Ahmose se levantó de la silla.
—¡Tani, debo encontrarle, sin duda lo comprendes! —protestó—. ¡No puedo permitir que quede en libertad para formar un nuevo ejército y tratar de recuperar el Delta! ¡No volveré a dormir tranquilo si queda libre para andar por Rethennu! —Su rostro quedó marcado por una expresión obstinada. Ahmose la recordó de cuando ella era más joven y sintió el dolor de una pérdida casi insoportable.
—¿Qué pensarías si Aahmes-Nefertari te traicionara de ese modo? —preguntó—. Especialmente si juró no hacerlo.
—Pero Tani, tu silencio es traición, ¿no lo entiendes? —la urgió—. Apepa es un enemigo de Egipto y si le ayudas, incluso indirectamente con tu silencio, eres culpable de traición.
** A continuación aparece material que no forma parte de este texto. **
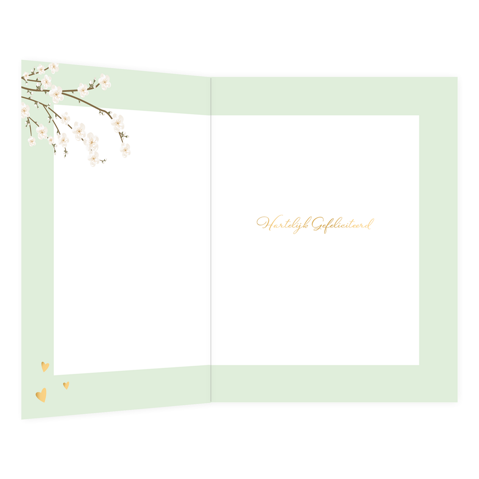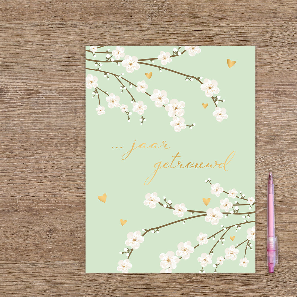 De wenskaart heeft een afmeting van 22.3cm x 29.8cm en een staande vorm. Op deze wenskaart zie je zowel links boven als rechtsonder takken met witte bloesem. Tussen de takken staan kleine gouden hartjes. De achtergrond is sage groen. In het midden staat de tekst in goud '... jaar getrouwd'. De binnenzijde van de wenskaart is bedrukt met een ontwerp passend bij de voorzijde van de kaart en de tekst"Hartelijk Gefeliciteerd".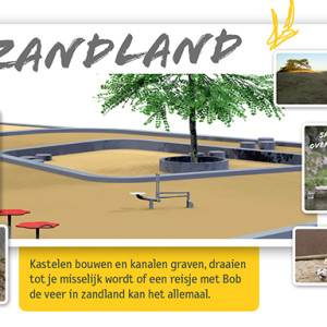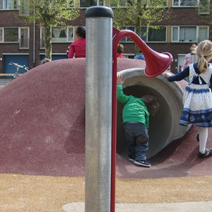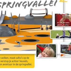 Op een verhoging aan de noordzijde van de speelplek zijn 2 glijbanen opgenomen in het landschap. Aan de zandbakzijde kunnen jonge kinderen via een brede taludglijbaan een vriendelijk speellandschap betreden met toestellen die aansluiten bij deze doelgroep. Door lichte glooiingen in het landschap en kleuraccenten op de juiste plekken in het gietrubber, krijgen deze toestellen extra speelwaarde. In combinatie met de stapbollen, klimtouwen en de taludglijbaan, ontstaat een gesloten speelparcours voor de jongste kinderen binnen de speeltuin aan de zandbakzijde.

—Entonces tendrás que ejecutarme —dijo con resolución. Ella también se alzó, cruzando los brazos—. No sólo di mi palabra sino que juré por Amón. Es un juramento que no puedo quebrar. Si lo hago correré el peligro de que la balanza en el Salón del Juicio condene mi ka. Harás conmigo lo que te plazca. —Ahmose arrugó los labios y la observó.
—No quieres decírmelo, ¿verdad? —dijo—. Realmente le amas. —Tani no contestó. Él se encogió de hombros—. No puedo liberarte para que te vayas sola en dirección a Rethennu, aunque supongo que podría hacerte seguir —dijo, pensando en voz alta—. Ni puedes quedarte aquí. Todo lo que puedo hacer es encerrarte en mi tienda y hacerte vigilar para que no te escapes. Oh, Tani —concluyó con tristeza—. Te escaparías, ¿no es cierto? —Ella se mordió el labio y agachó la cabeza. Ahmose pensó un momento antes de volverse hacia la sirvienta—. ¡Heket! —le ordenó—. Coge las posesiones de tu ama y enviaré a alguien para que las lleve a mi campamento. Tani, ven conmigo. —Sin mediar palabra, ella fue hasta donde estaba tirado su manto, lo cogió y, volviendo a colocarlo sobre sus hombros, fue hasta la puerta.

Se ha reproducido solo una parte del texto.